We recognise the importance of protecting your privacy and are committed to ensuring the continued integrity and security of the personal information you entrust to us.
We appreciate that the success of our business is largely dependent upon a relationship of trust being established and maintained with past, current and prospective customers, shareholders and other individuals with whom we conduct business. We will therefore continue to collect and manage your personal information with a high degree of diligence and care.
Our aim is to comply at all times with the privacy laws (incorporating the Australian Privacy Principles) that apply to us. If you have a comment, query or complaint regarding a privacy matter, we encourage you to discuss it with us.
We usually collect personal information directly from you. Sometimes we collect or confirm this information from a third party. We will use reasonable efforts to obtain your consent prior to contacting a third party for this purpose.
We collect personal information that includes details such as your:
- Identity information (Name, Date of Birth)
- Contact information (such as phone numbers, address, and e-mail addresses)
- Financial information such as information about your use of financial products and services which you acquire from or through us
In some cases, we collect sensitive information about you such as:
- health related information that is relevant to the services we are providing to you or that you have applied for; or
- biometric information we collect and use for the purpose of verifying your identity.
We will first seek your consent to collect such information where we are required to do so.
As part of our business operations we also collect personal information from other individuals such as shareholders and suppliers.
We may collect personal information from you because we are required or authorised by an Australian law or court/tribunal order to collect that information. We will tell you if collection is required or authorised by law and provide you with details of the law, court or tribunal order. Examples include:
- Anti-Money Laundering and Counter-Terrorism Financing laws;
- The National Consumer Credit Protection Act 2009 (Cth); and
- The Income Tax Assessment Act 1936 (Cth).

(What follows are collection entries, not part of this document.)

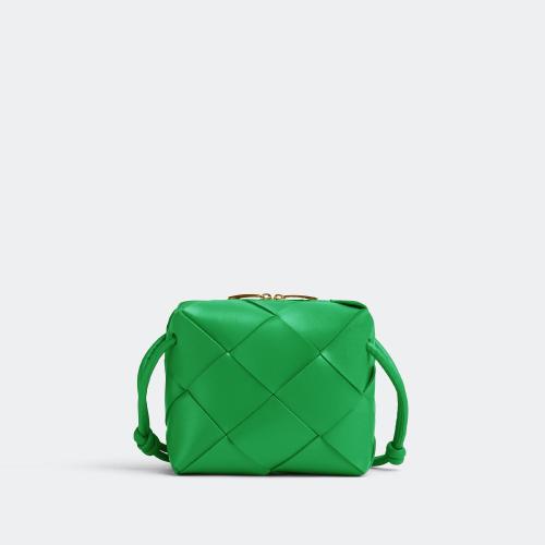 Bottega Veneta/葆蝶家 22春夏新款PADDED CASSETTE系列 女士鹦鹉绿色小羊皮双面编织单肩斜挎豆腐包591970VCQR13724
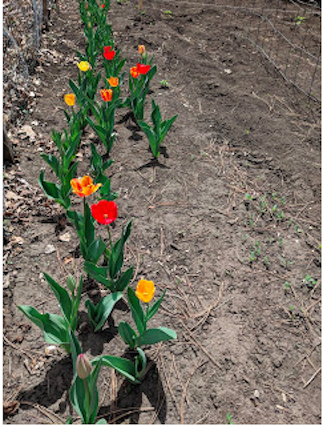 The tulip strategy I used last fall, planting a row within the vegetable garden fence in order to foil the rabbits, worked perfectly, a cheerful row of bright colors.
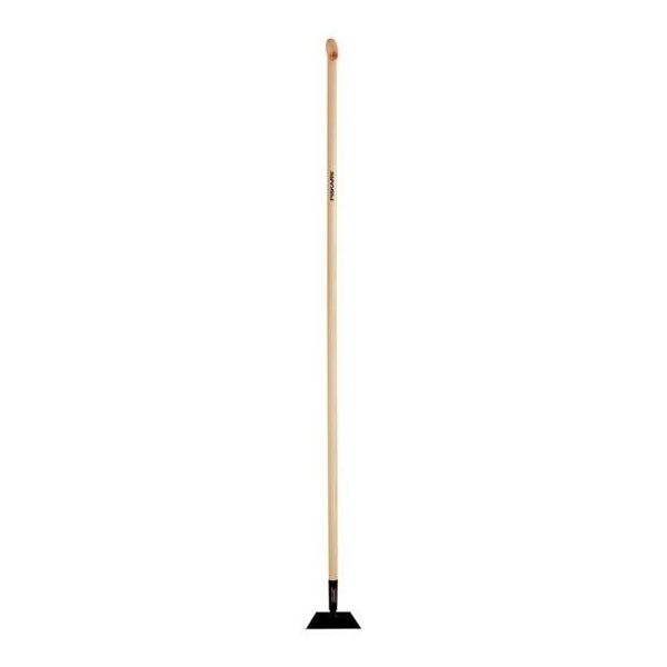 Fiskars 5332 er et 1590 mm langt skuffejern med treskaft skråstilt krykke og 150 mm bredt hode i herdet stål.
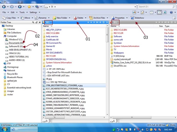 নিম্মের পিকচারে দেখুন পাশাপাশি দুইটা ড্রাইভ দেখা যাচ্ছে D এবং E । আপনার কষ্ট করে একাধিক ড্রাইভ আলাদা খুলতে হবেনা। এটা দিয়া আপনি পাশাপাশি কাজ করতে পারবেন। ডাটা অ্যাক্সেস করতে পারবেন সহজে। আপনি চাইলে একাধিক ড্রাইভ খুলতে পারেন আবার শুধু একটা ড্রাইভ এক্সপ্লোর করতে পারেন।
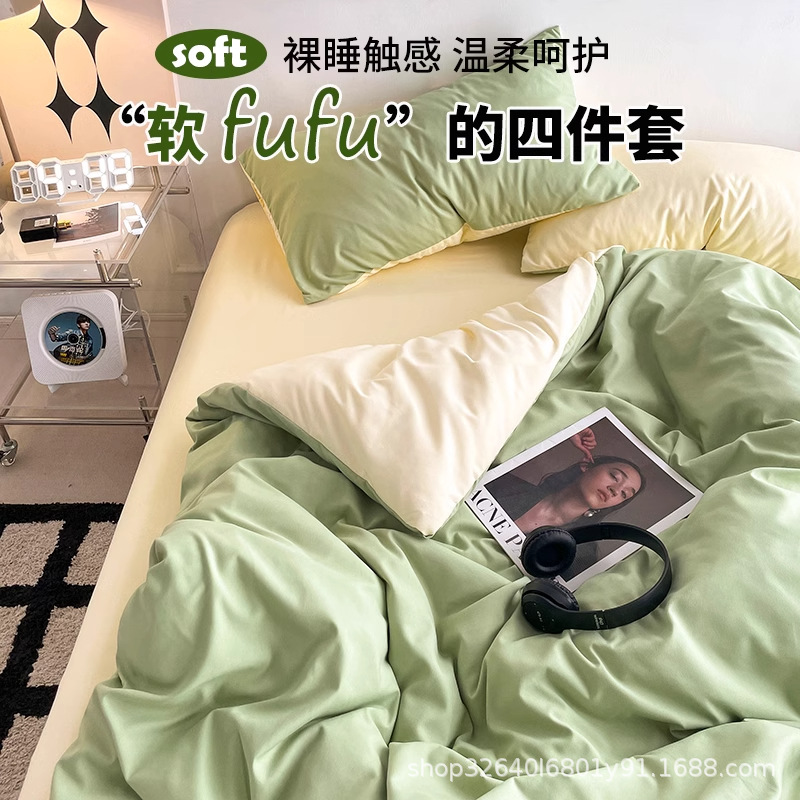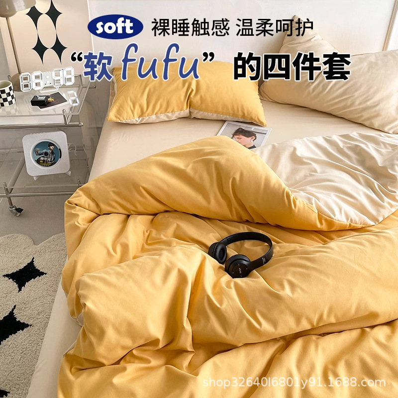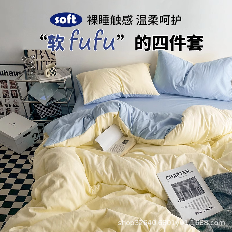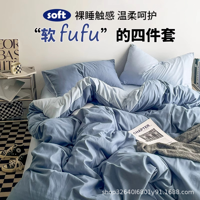 Главная страница > Ins ветер сплошной цвет водяной хлопчатобумажной наволочки набор постельного белья из четырех частей
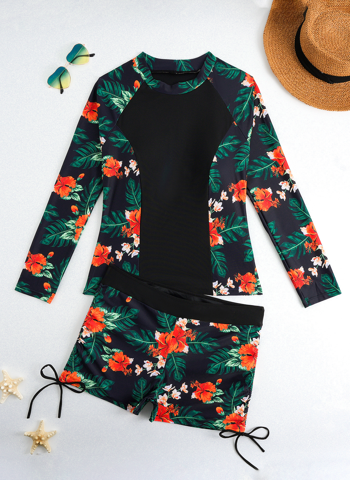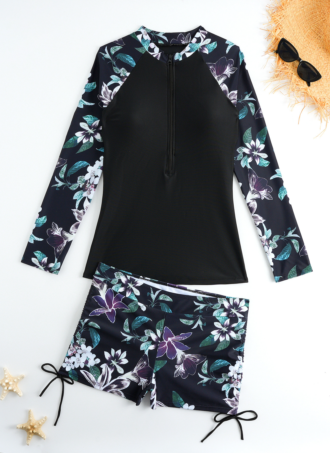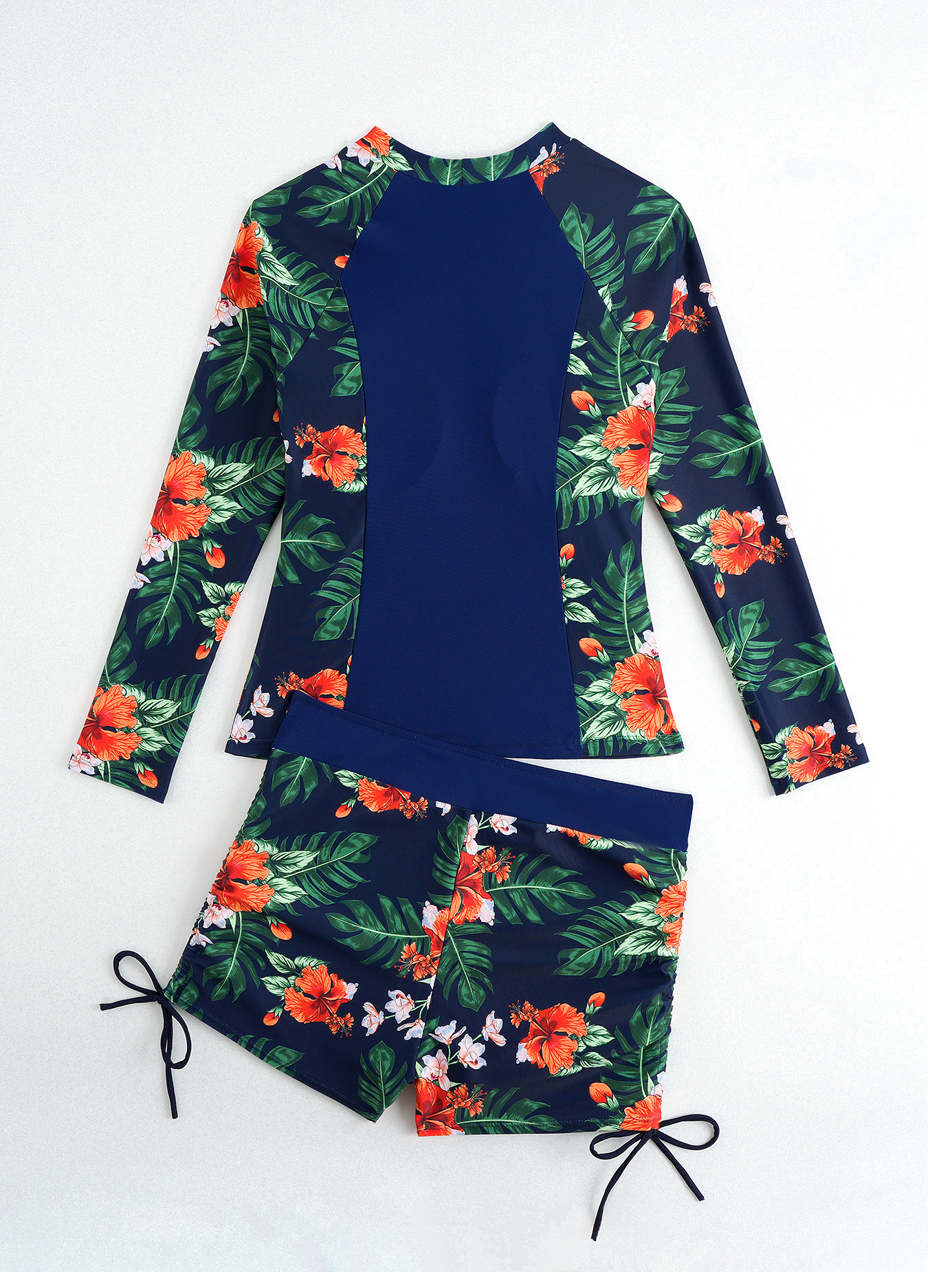 유럽과 미국의 국경 간 새로운 여성 긴팔 해변 수영복 서핑 슈트 보수적 인 슬림 스포츠 비키니 슈트
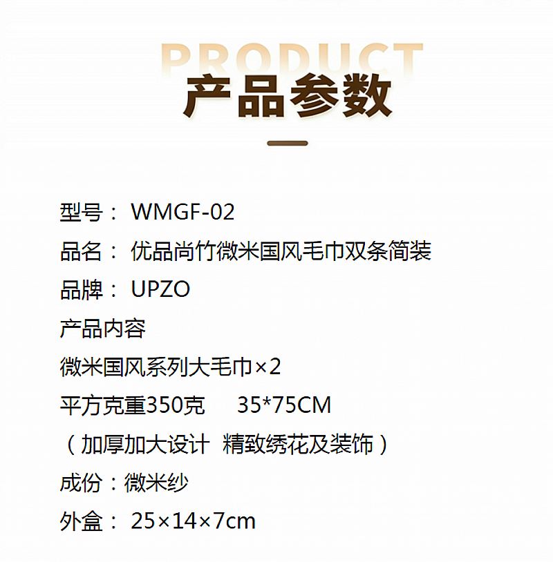 型号: WMGF-02 产品内容 微米国风系列大毛巾×2 平方克重350克 35*75CM (加厚加大设计 精致绣花及装饰) 成份:微米纱 外盒: 25×14×7cm 国风刺绣 搭配主题礼盒 优质伴手礼 文创礼品

We may collect personal information about you from commercially available third party databases.
When you visit our websites, or use our apps or other web-based content and services (“Websites”), either we or our service provider will collect information, which may include your personal information, including:
- Information about the devices you use to access our services including the device type, operating systems, browsers, application settings and location information;
- Information about the way you use your devices when accessing our services, such as the pages you visit, how you hold your device, scrolling, swiping or clicking activity, mouse movements and typing speed which we may collect and process to generate a ‘digital profile’ specific to you that we can use to help identify unusual or fraudulent behaviour; and
- Information about the applications and software installed on your devices, to help identify applications and software that are commonly used by criminals to take control of devices and commit fraud, such as bots, malware and remote access threats applications.
You are the first line of defence against falling victim to scams and fraud. Be security conscious and diligent when sharing personal information and transacting on your accounts.
Our fraud controls, security tools and collection and use of biometric and behavioural information are not an effective substitute for the personal precautions and measures you should take yourself and we do not warrant that they will identify, prevent or reduce all fraud or security risks. You can find measures that you can apply to avoid scams and fraud at www.bendigobank.com.au/blog/personal/10-tips-to-protect-yourself-from-scams/
We use your personal information in order to:
- Provide you with financial products and services (including situations where we are an agent for another product issuer);
- Assist you with your queries or concerns;
- Comply with any legal or regulatory obligations imposed on us;
- Perform our necessary business functions (such as internal audit investigations, performance reporting, research, product development and planning, assessing credit applications for new or existing loans and managing your credit accounts);
- Manage our share registry; and
- Identify and prevent fraud, scams and other unauthorised activity. This can include using your ‘digital profile’ and other behavioural information we collect to identify unusual or suspicious activity.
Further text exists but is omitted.